INVA Form 4: Stephen Basso Withholds 237 Shares to Cover Tax Withholding
Rhea-AI Filing Summary
Insider sale via tax-withholding reduced holdings. Innoviva CFO Stephen Basso reported a disposition of 237 shares of Common Stock on 08/20/2025 at a reported price of $19.95 per share. The filing states the shares were withheld by the issuer to satisfy income tax withholding obligations tied to the quarterly vesting of previously granted employee equity awards. After the transaction Mr. Basso beneficially owned 23,281 shares directly. The form is signed and dated 08/22/2025.
Positive
- None.
Negative
- None.
Insights
TL;DR: Routine insider withholding sale for taxes; not a signal of discretionary stock sale.
The Form 4 shows a small, mechanically driven disposition: 237 shares withheld at $19.95 to cover tax liabilities from vesting equity. This type of transaction typically reflects payroll withholding rather than an active sale decision by the officer. The post-transaction direct beneficial ownership of 23,281 shares remains disclosed for transparency. For investors, the event is administrative and generally not material to company valuation.
TL;DR: Compliance-focused filing documenting tax withholding on vested awards; governance processes appear followed.

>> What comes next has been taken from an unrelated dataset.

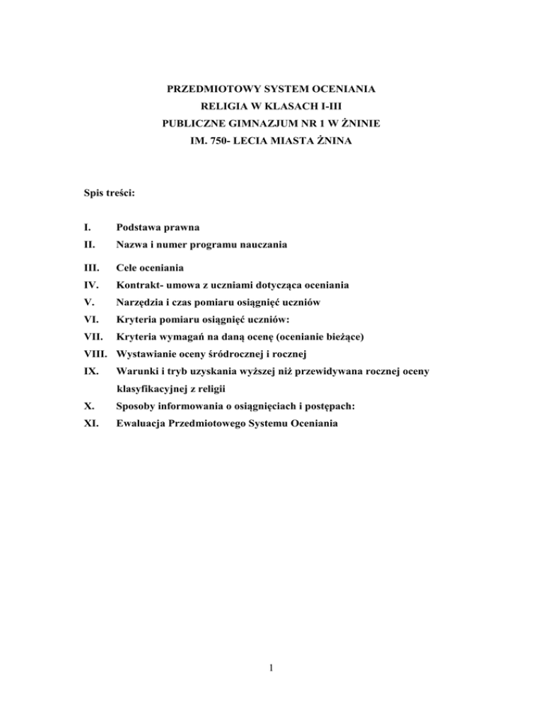 PRZEDMIOTOWY SYSTEM OCENIANIA RELIGIA W KLASACH I-III PUBLICZNE GIMNAZJUM NR 1 W ŻNINIE IM. 750- LECIA MIASTA ŻNINA Spis treści: I. Podstawa prawna II. Nazwa i numer programu nauczania III. Cele oceniania IV. Kontrakt- umowa z uczniami dotycząca oceniania V. Narzędzia i czas pomiaru osiągnięć uczniów VI. Kryteria pomiaru osiągnięć uczniów: VII. Kryteria wymagań na daną ocenę (ocenianie bieżące) VIII. Wystawianie oceny śródrocznej i rocznej IX. Warunki i tryb uzyskania wyższej niż przewidywana rocznej oceny klasyfikacyjnej z religii X. Sposoby informowania o osiągnięciach i postępach: XI. Ewaluacja Przedmiotowego Systemu Oceniania 1 I. Podstawa prawna: Rozporządzenie Ministra Edukacji Narodowej z 30 maja 2014 r. w sprawie podstawy programowej wychowania przedszkolnego oraz kształcenia ogólnego w poszczególnych typach szkół (Dz. U. poz. 803), Dz.U. 2015 poz. 843. Rozporządzenie Ministra Edukacji Narodowej z dnia 10 czerwca 2015 r. w sprawie szczegółowych warunków i sposobu oceniania, klasyfikowania i promowania uczniów i słuchaczy w szkołach publicznych (Dz.U. 2015 poz. 843 ). Dyrektorium Kościoła katolickiego w Polsce z 20. 06. 2001r. II. Nazwa i numer programu nauczania 1. Ocenianie osiągnięć edukacyjnych ucznia z religii polega na rozpoznawaniu przez nauczyciela poziomu i postępów w opanowaniu przez ucznia wiadomości i umiejętności w stosunku do wymagań edukacyjnych wynikających z „Podstawy programowej katechezy Kościoła katolickiego w Polsce” oraz realizowanego przez nauczyciela programu nauczania „Pójść za Jezusem Chrystusem” AZ-3-01/10, uwzględniającego tę Podstawę. 2. Obowiązujące podręczniki: Klasa I – Spotkanie ze Słowem – Podręcznik do nauki religii dla I klasy gimnazjum, pod red. Ks. Jana Szpeta i Danuty Jackowiak, wyd. Święty Wojciech Klasa II – Aby nie ustać w drodze – Podręcznik do nauki religii dla II klasy gimnazjum, pod red. Ks. Jana Szpeta i Danuty Jackowiak, wyd. Święty Wojciech Klasa III – Żyć w miłości Boga – Podręcznik do nauki religii dla III klasy gimnazjum, pod red. Ks. Jana Szpeta i Danuty Jackowiak, wyd. Św. Wojciech, III.Cele oceniania: Informowanie ucznia o poziomie jego osiągnięć edukacyjnych oraz o jego postępach w tym zakresie; Motywowanie ucznia do czynienia postępów; Dostarczanie rodzicom (prawnym opiekunom) ucznia, nauczycielom i wychowawcy informacji o postępach, trudnościach w nauce oraz specjalnych uzdolnieniach ucznia; Udzielanie uczniowi pomocy w samodzielnym planowaniu własnego rozwoju; Umożliwienie nauczycielowi doskonalenia organizacji i metod pracy dydaktycznej. Kontrola i ocena z religii nie dotyczy wyłącznie sprawdzenia wiadomości lecz także wartościowania umiejętności, postawy, zdolności twórczych, rozwoju zainteresowań, motywacji uczenia się, a głównie kształtowania cech charakteru, woli, odpowiedzialności za swoje czyny, dokładności, wytrwałości, pracowitości, kultury osobistej, zgodności postępowania z przyjętą wiarą. IV. Umowa- kontrakt z uczniami dotyczący oceniania: 1. Sposoby informowania uczniów o wymaganiach: ustnie – cały PSO – na pierwszej lekcji w każdej klasie, w danym roku szkolnym ustnie – na poszczególne stopnie szkolne z danego działu programowego przed rozpoczęciem jego realizacji wymagania zawierają również przykłady pytań, zadań i problemów z poszczególnych poziomów. ocenianiu nie podlegają praktyki religijne. 2. Sposoby poprawiania ocen: 2 Uczeń może poprawić ocenę niekorzystną uzyskaną ze sprawdzianu lub testu w ciągu dwóch tygodni od rozdania prac, a ocena z poprawy jest oceną ostateczną wpisaną obok oceny pierwotnej Poprawa pracy pisemnej jest tak samo punktowana jak pierwotna W przypadku uzyskania niższej oceny pozostaje ocena ze sprawdzianu pierwotnego Niestawienie się ucznia na poprawę w uzgodnionym terminie jest równoznaczne z otrzymaniem oceny niedostatecznej 1. Nie można prac pisemnych poprawiać ustnie 6. Jeżeli z przyczyn losowych uczeń nie może napisać sprawdzianu lub testu w określonym terminie wówczas ma obowiązek uczynić to na najbliższej lekcji lub terminie ustalonym z nauczycielem 7. Na koniec semestru nie przewiduje się końcowego sprawdzianu lub testu zaliczeniowego 8. Oceny śródroczne i roczne wystawia się na siedem dni przed planowanym posiedzeniem rady pedagogicznej 9. Na miesiąc przed rocznym klasyfikacyjnym posiedzeniem Rady Pedagogicznej katecheta zobowiązany jest wpisać do dziennika i poinformować ucznia i jego rodziców, opiekunów prawnych o przewidywanej dla niego ocenie klasyfikacyjnej z religii i możliwości poprawienia oceny w terminie wyznaczonym przez nauczyciela 10. Na prośbę ucznia lub jego rodziców (prawnych opiekunów) katecheta ustalający ocenę uzasadnia ją uwzględniając wymagania zawarte w przedmiotowym systemie oceniania z religii. 11. Uczeń może jeden raz w semestrze zgłosić nieprzygotowanie do lekcji bez podania przyczyny ( nie dotyczy zapowiedzianych sprawdzianów) 12. Prowadzenie zeszytu przedmiotowego jest obowiązkowe. W przypadku nieobecności na lekcji, uczeń ma obowiązek uzupełnić notatki w zeszycie i wykonać pracę domową 13. Uczeń może jeden raz w semestrze zgłosić nieodrobienie pracy domowej, bez podania przyczyny 14. Uczeń nie ponosi żadnych konsekwencji w przypadku wystąpienia poważnych przyczyn losowych, które przeszkodziły w przygotowaniu się ucznia do lekcji, jeżeli są one potwierdzone pisemnie lub ustnie przez rodzica (prawnego opiekuna) przed lekcją. 15. w ciągu jednego semestru wystawia się każdemu uczniowi co najmniej trzy oceny cząstkowe; 16. Kryteria odpowiadające poszczególnym śródrocznym i rocznym stopniom szkolnym zgodne są z Wewnątrzszkolnym Systemem Oceniania. 17. Uczeń może być nieklasyfikowany z religii jeżeli brak jest podstaw do ustalenia oceny klasyfikacyjnej z powodu jego nieobecności na zajęciach edukacyjnych przekra

The filing documents proper Section 16 reporting and manual signature, indicating adherence to reporting obligations. The explanation explicitly ties the disposition to tax withholding for vested employee awards, which is a standard corporate practice to fulfill withholding responsibilities. There is no indication of additional dispositional intent or patterned insider selling in this single-file disclosure.
FAQ
What transaction did Innoviva (INVA) report on this Form 4?
Why were the 237 shares disposed of by Stephen Basso?
How many Innoviva shares did Stephen Basso own after the transaction?
What is Stephen Basso’s role at Innoviva as listed on the Form 4?
When was the Form 4 signed and filed?